--- START ---

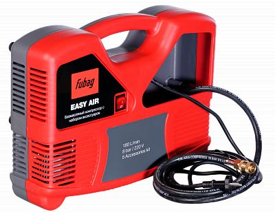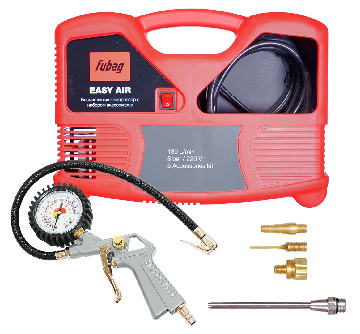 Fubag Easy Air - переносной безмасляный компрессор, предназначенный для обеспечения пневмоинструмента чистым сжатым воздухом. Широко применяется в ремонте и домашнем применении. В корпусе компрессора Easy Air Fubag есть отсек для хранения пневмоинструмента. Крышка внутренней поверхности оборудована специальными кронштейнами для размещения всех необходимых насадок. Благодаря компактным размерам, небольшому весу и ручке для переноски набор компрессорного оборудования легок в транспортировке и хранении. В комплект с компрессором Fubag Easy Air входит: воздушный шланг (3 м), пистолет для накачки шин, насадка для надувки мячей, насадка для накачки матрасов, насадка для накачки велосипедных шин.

--- END ---
--- START ---

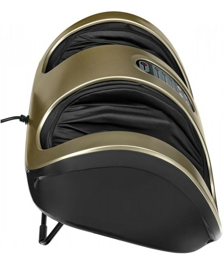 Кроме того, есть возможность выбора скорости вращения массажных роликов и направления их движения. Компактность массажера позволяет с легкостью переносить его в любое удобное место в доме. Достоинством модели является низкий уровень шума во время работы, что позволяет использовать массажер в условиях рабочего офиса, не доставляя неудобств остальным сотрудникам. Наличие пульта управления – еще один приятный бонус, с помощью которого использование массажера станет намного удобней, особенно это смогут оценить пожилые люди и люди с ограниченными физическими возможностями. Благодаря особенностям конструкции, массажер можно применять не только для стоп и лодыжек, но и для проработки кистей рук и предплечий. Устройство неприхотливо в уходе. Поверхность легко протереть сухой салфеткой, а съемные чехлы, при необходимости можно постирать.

--- END ---
--- START ---

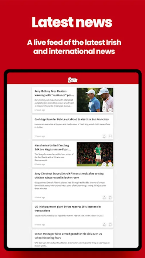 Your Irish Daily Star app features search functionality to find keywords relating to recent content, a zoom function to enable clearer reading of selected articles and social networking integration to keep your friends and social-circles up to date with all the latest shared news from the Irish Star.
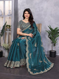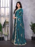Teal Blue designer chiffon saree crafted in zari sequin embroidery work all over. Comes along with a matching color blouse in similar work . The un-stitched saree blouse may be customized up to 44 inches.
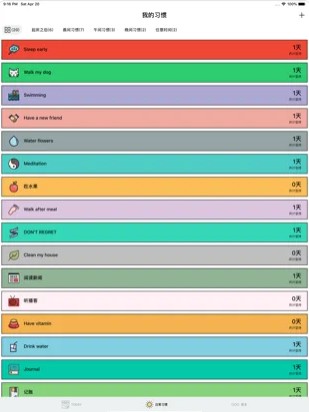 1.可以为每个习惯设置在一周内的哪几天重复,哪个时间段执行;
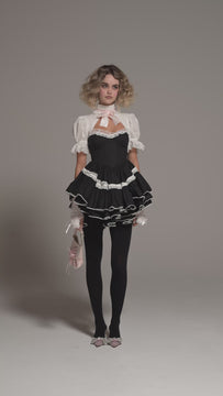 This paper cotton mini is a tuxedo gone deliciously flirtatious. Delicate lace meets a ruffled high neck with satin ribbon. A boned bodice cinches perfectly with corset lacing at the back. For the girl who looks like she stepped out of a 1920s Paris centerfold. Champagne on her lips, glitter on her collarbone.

--- END ---

*What to work on*. What lines above run from the one with "1.可以为每个习惯设置在一周内的哪几天重复,哪个时间段执行;" to the one with "This paper cotton"? Give them again exactly, ends included, and leave the pictures out.

*Task output*.
 1.可以为每个习惯设置在一周内的哪几天重复,哪个时间段执行;
 This paper cotton mini is a tuxedo gone deliciously flirtatious. Delicate lace meets a ruffled high neck with satin ribbon. A boned bodice cinches perfectly with corset lacing at the back. For the girl who looks like she stepped out of a 1920s Paris centerfold. Champagne on her lips, glitter on her collarbone.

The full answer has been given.